Open letter from the biopharmaceutical industry to G20 Ministers in support of the advancement of the G20 Health Agenda
On 9 April 2024, IFPMA, Interfarma, and FIFARMA submitted an open letter to G20 Ministers in support of the advancement of the G20 Health Agenda. The letter is available for download in English, Portuguese, and Spanish.
Dear G20 Health Ministers,
With ongoing negotiations in Geneva and less than six years left to achieve the Sustainable Development Goals (SDGs), the G20 forum serves as a key platform to promote constructive, coordinated, and collaborative solutions. Toward the Presidency’s goal of “building resilient health systems,” all global health stakeholders – including governments, civil society, academia, and the private sector – must work together on the collective imperative to “leave no one behind.”
The biopharmaceutical industry is committed to work in collaboration with the Brazilian Presidency and the G20 to advance the priorities of the G20 Health Working Group (HWG). In support of the HWG’s efforts to drive global health progress and as a key solutions partner, we would like to share our industry’s experience and expertise to advance the G20 Health Agenda.

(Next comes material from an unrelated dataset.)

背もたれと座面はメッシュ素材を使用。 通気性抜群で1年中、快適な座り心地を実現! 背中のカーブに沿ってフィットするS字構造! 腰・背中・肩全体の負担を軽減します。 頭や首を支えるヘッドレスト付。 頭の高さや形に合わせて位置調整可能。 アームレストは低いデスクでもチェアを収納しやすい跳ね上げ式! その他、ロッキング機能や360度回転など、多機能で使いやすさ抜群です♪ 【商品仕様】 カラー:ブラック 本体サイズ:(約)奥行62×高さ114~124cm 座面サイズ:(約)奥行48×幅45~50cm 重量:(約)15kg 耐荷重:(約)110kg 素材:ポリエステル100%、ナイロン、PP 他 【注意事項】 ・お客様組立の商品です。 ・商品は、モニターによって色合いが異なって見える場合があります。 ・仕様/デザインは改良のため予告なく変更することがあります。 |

Biopharmaceutical industry support for G20 health priorities
The biopharmaceutical industry significantly contributes in many ways towards G20 HWG priorities, including in the areas of Immunization, Pandemic Preparedness and Response (PPR) (including equitable access), Anti-Microbial Resistance (AMR), Neglected Tropical Diseases (NTDs), Climate Change, and Women’s Health. In the below sections, we set out our current engagement and 11 key proposals that would complement the G20 health agenda.

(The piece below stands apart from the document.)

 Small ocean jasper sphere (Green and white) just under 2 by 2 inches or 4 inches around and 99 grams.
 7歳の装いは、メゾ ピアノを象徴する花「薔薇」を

- Across all mentioned areas, we call on the G20 to preserve health innovation enablers[1] (e.g. intellectual property framework) in policies and programs in G20 countries and worldwide. These enablers fundamentally underpin legal security to enhance the potential for increased trade, investments, and voluntary collaborations[2], including technology transfer[3] in G20 countries. Innovation is a critical driver for healthy and vibrant economies and societies, and it is key to ensure sustainable government funding and financing for innovation moving forward.
Strengthening immunization policies
In 2024, we celebrate the 50th anniversary of the Essential Programme of Immunization, highlighting its success in reducing child mortality by 80% and saving over a billion lives. This achievement reflects significant milestones, including the eradication of smallpox and the development of vaccines for diseases like measles, mumps, rubella, and hepatitis, among others. The renewed ambition on polio and introduction of vaccines against HPV and malaria in recent years continues this legacy of innovation and public health improvement.
The COVID-19 pandemic has underscored the critical impact of infectious diseases on healthcare systems and the global economy, highlighting the importance of vaccines in preventing diseases across all ages. Current challenges, such as the resurgence of measles and the “tripledemic” of COVID-19, influenza, and RSV, emphasize the ongoing battle against vaccine-preventable diseases amidst demographic shifts, noncommunicable diseases, AMR, climate change, and growing rates of vaccine hesitancy, disinformation and increasing mistrust in science.
To address these challenges, a life-course approach to vaccination programs, with expansion into adulthood, is a cost-effective public health intervention, crucial for promoting health and well-being, reducing disease burden, and enhancing economic resilience.[4],[5] The biopharmaceutical industry’s innovation in developing 260 vaccine candidates across all diseases[6],[7] demonstrates its long-standing commitment to global health. Governments are urged to prioritize vaccination throughout life, recognizing its socioeconomic benefits and investing in comprehensive immunization programs to serve as primary health care (PHC) and universal health coverage (UHC) foundation and prepare for future health challenges, aligning with the WHO’s Immunization Agenda 2030 and the UN SDGs.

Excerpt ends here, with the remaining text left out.